In Finland, they like food very much in the ways that I don't- They like their licorice black, their bread rye, their soup fishy, and their milk warm in the cupboard. I'm trying to develop a taste for a lot of the things here that I don't particularly like (except for the milk- I learned in France, where they drink the same kind of milk, that there's no getting past that one.) I can now easily chew and swallow mild licorice without wincing, and I know that when members give me dry rye bread, there's always butter, cheese, and meat to go with it. I had fish soup a couple of weeks ago without much trouble, which was a major victory for somebody who grew up in NW Washington and STILL never came to like the stuff. I'm trying to become more and more Finnish, as much as some of the mannerisms and foods are not what I'm used to.
There's a lot to get used to on the mission, but it's coming along. Yesterday in church, a 17-year old boy touched me on the shoulder to indicate he wanted to walk past, and the thought, "AHHHH! DON'T TOUCH ME!!" came immediately to my mind. For somebody as huggy as myself, I'd say that's a major shift. Riding a bike is easy as a piece of piirakka nowadays, and I actually look forward to it sometimes. That being said, with the colder weather, we've decided to make more use of the local public transportation, so the obscurity of the Oulu bus system is still a bit new to me. The time table is unlike any other bus schedule I've seen in the USA or Europe, so I'm going to have to be very observant as we ride, so as to get to know places and routes better.
We had a very productive week, although very trying in some ways. I know I've gotten better at letting the Atonement work through me, when I face some of the same re-curring disappointments, and I can go back to a peaceful frame of mind in a shorter amount of time. I can only hope that some of these trials I've been facing will improve over the course of my service here, but if they do, I feel much more equipped to handle them.
We continue to work with some less-active sisters, although since one of them keeps coming to church and YSA home evening, I'm not so sure we can even call her less-active anymore! So much of this work is helping less-active members and new converts either remember their covenants, or understand them better. We get some really great comments from one recent convert in particular during Gospel Principles class. I sometimes wonder where he's going at first with his questions or comments, but then he always manages to make an incredibly simple, but profound statement that is always impressive to me.
I've been a bit obsessed lately with the thought of simplicity. In Mosiah, it mentions several times teaching only faith and repentance. Obviously, there are other important things, like obediance, God's Plan of Salvation, temples, etc. but everything goes back to those two principles. I'm trying to simplify a lot of what I do, especially in my teaching. Does what I'm teaching help the investigator/member increase their faith, or have more desire to repent? No? Then it doesn't belong in the lesson, no matter how well it directly answers their question, or no matter how interesting it is. Because really, everything can be answered with faith in Christ, and with the desire to repent, so a lot of nit-picky concerns and interesting tidbits don't really matter that much. As a result, I feel like I'm a more powerful teacher, and I feel more peace in my daily life as I try to simplify an already simplified lifestyle.

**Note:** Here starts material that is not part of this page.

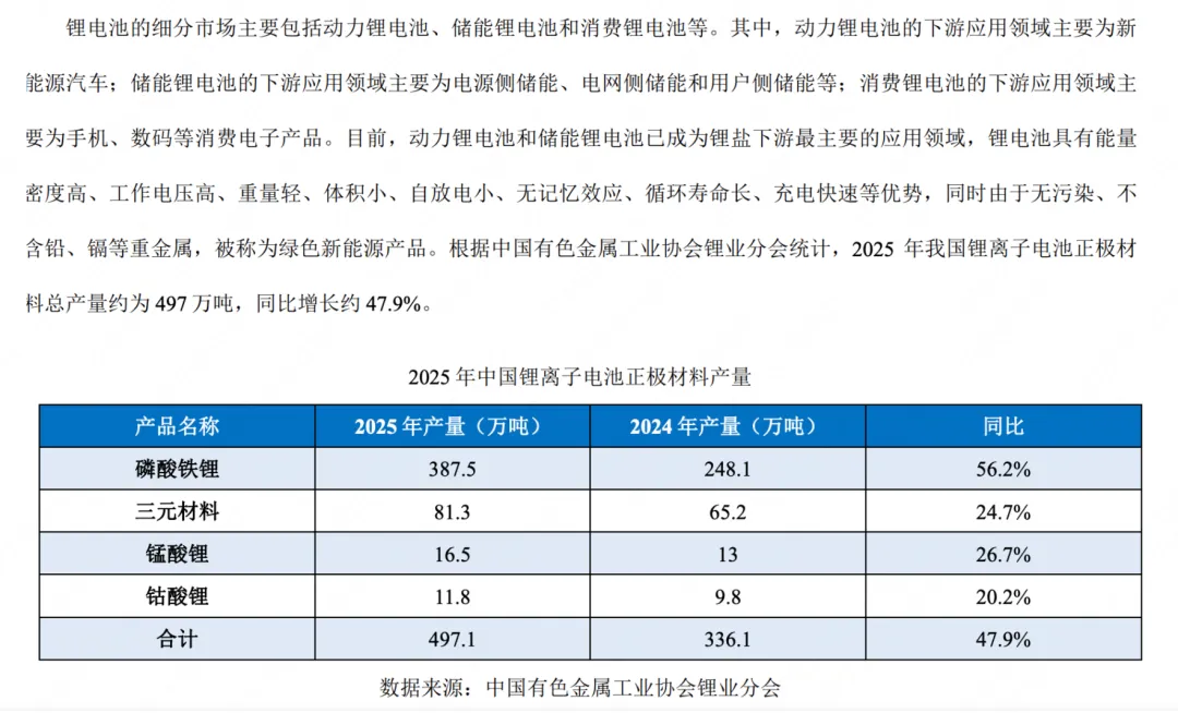 2025 年全球锂离子电池总体出货量 2,280.5GWh,同比增长 47.6%。出货量的大幅度超预期增长主要来自储能电池领域,尤其是中国之外的储能市场需求拉 中矿资源集团股份有限公司 2025 年年度报告全文 24 动,全球储能电池总出货量达到了 651.5GWh,同比增长幅度高达 76.2%。在新能源汽车动力电池领域,得益于中国市场 持续推进以旧换新,新能源汽车出口量翻倍增长等因素带动,全球动力电池出货量达到 1,495.2GWh,增长 42.2%。小型 电池领域,新消费领域如 AI、人形机器人、eVTOL 等开启产业化应用的早期阶段,为未来小型电池创造了较大的市场 空间,2025 年全球小型电池出货量 133.9GWh,同比增长 7.9%。

I have two challenges to my readers this week- One is to find ways to simplify your life for the better, and the other is to find something that's good for you, but something that you may not particularly like, and find a way to make it an acquired taste. Those are two skills I've learned on my mission so far, and about which I still have much to learn, that I know can be a blessing to me throughout the rest of my life. It's amazing to see the ways Heavenly Father is molding and shaping me through my time here, and I look forward to continual growth as I do what I can to serve others.